I just got back from Africa and was catching up on my e-mail, and I saw this from Tim Manners at Cool News quoting Eric Asimov in the NYT:

"No soft drink incites the passions the way root beer does. People love it or they hate it, but the don't ignore it. Few sodas have the mystique of a frosty mug of root beer ... Where else short of lemonade would we be able to find so much variety and home-brew creativity?”

Asimov, the wine critic for the Times, invited three of his colleagues, Florence Fabricant, Julia Moskin, and Kim Severson, to join him in tasting twenty-five different root beers. Shockingly, five of their top-ten favorites were sweetened with corn syrup, and three "are corporate products"—Dr Brown's (owned by Pepsico) and IBC and Stewart's (owned by Dr Pepper Snapple Group). The panel had its disagreements about their favorites, but its top consensus choice was Sprecher, which Asimov describes as "a wonderfully balanced and complex brew." The panel also agreed that its least favorite root beers "were dominated by sweetener or vanilla." FYI, Root Beer Barrel posts reviews of more than 250 root beers. I love IBC myself and am not a fan of Sprecher. I love Goose Island root bee, and there is a local Portland, Maine, brew that I adore, whose name escapes me at the moment. What’s your favorite root beer?

Comments

Ahhhh, root beer, my favorite soft drink. Root beer floats mean sitting on the front step with my grandfather and sipping Schwan's vanilla ice cream and Shasta. I should mention this was rural Iowa so forgive the lack of specialty ingredients. I prefer home brewed now, and get into Sasprilla and birch beers too.

I think IBC is right up there. I'll have to track down some local New England ones though and will see if I can find a Portland one in the stores here around Boston.

As for DiSpirito, it seems like a lot of people get that little taste of fame and then will do anything to recapture it.

I am a big fan of 1919, which I believe is contract brewed by the August Schell Brewery in New Ulm. It is a treat to have a frosty mug with a great root beer poured straight from a tap.

I do like Sprecher--it isn't overly carbonated and the tastes seem more natural than other mass market root beers. I could be biased though--our family just took a quick "food trip" to Milwaukee and one of our kids' favorites stops was the tour and tasting (of all the sodas) at Sprecher.
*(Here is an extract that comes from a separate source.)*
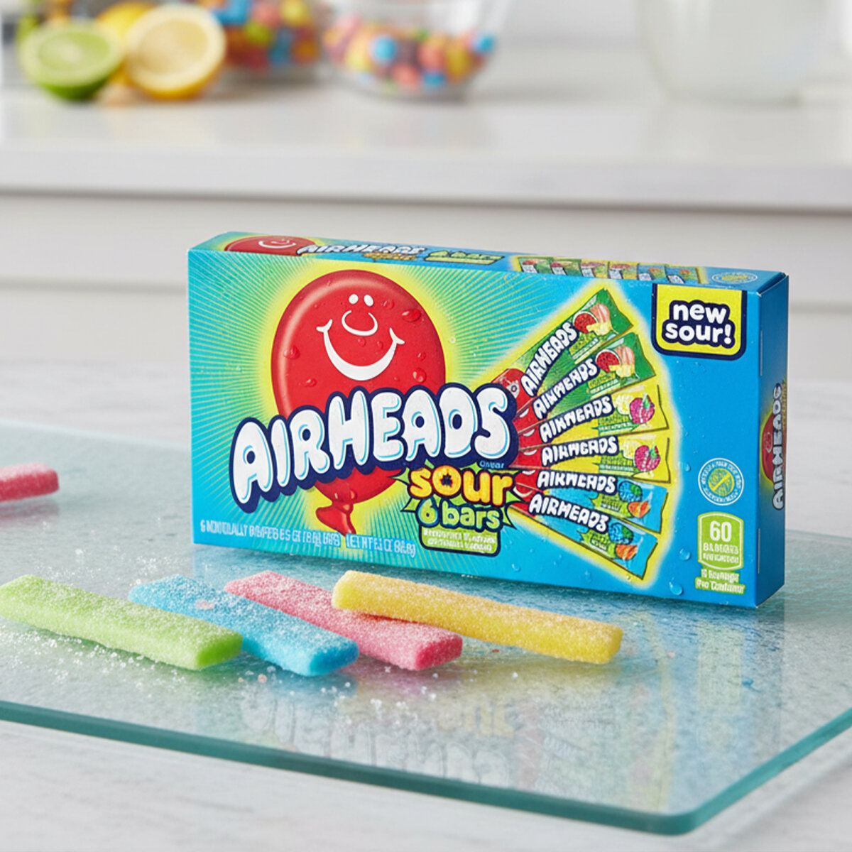 Erlebe mit den Airheads Sour das volle Kaubonbon-Vergnügen: sechs bunte, fruchtige Riegel in verschiedenen Sorten – alle mit dem besonderen extra-sauren Kick. Das Kult-Süßigkeit aus den USA, perfekt zum Teilen, Snacken oder Sammeln.

Seriously Andrew, can you please keep the shallow and worthless complaints about other people in your dream journal? I come to this site to read about food and the business of food, ostensibly the topic of a blog with "chow" in the title. Be above being the US Weekly of food blogs...please, there has to be something more meaningful going on than this. Or start a new blog about the business of food media egos...there we go.

As for root beer...here here! Sprecher is good, but it is missing the herbaciousness I like and IBC has been one of my favorites since I was a kid. The best though are the little places that brew their own. There is a place in Oshkosh Wisconsin called Ardy & Ed's that brews there own and sells it in empty milkjugs...it is fosty, licoricey, and creamy as hell.

Hands down, the best rootbeer has got to be Henry Weinhard's. Much sweeter than the usual rootbeers with a much deeper, almost smoky flavor topped with honey.

Kudos to David Foureyes...AZ would you like some cheese with your whine?

I find Guy Fieri to be very entertaining and knowledgeable but wonder sometimes how much caffeine he consumes. LOL He's much less pompous than some of the "old school" Food Network stars.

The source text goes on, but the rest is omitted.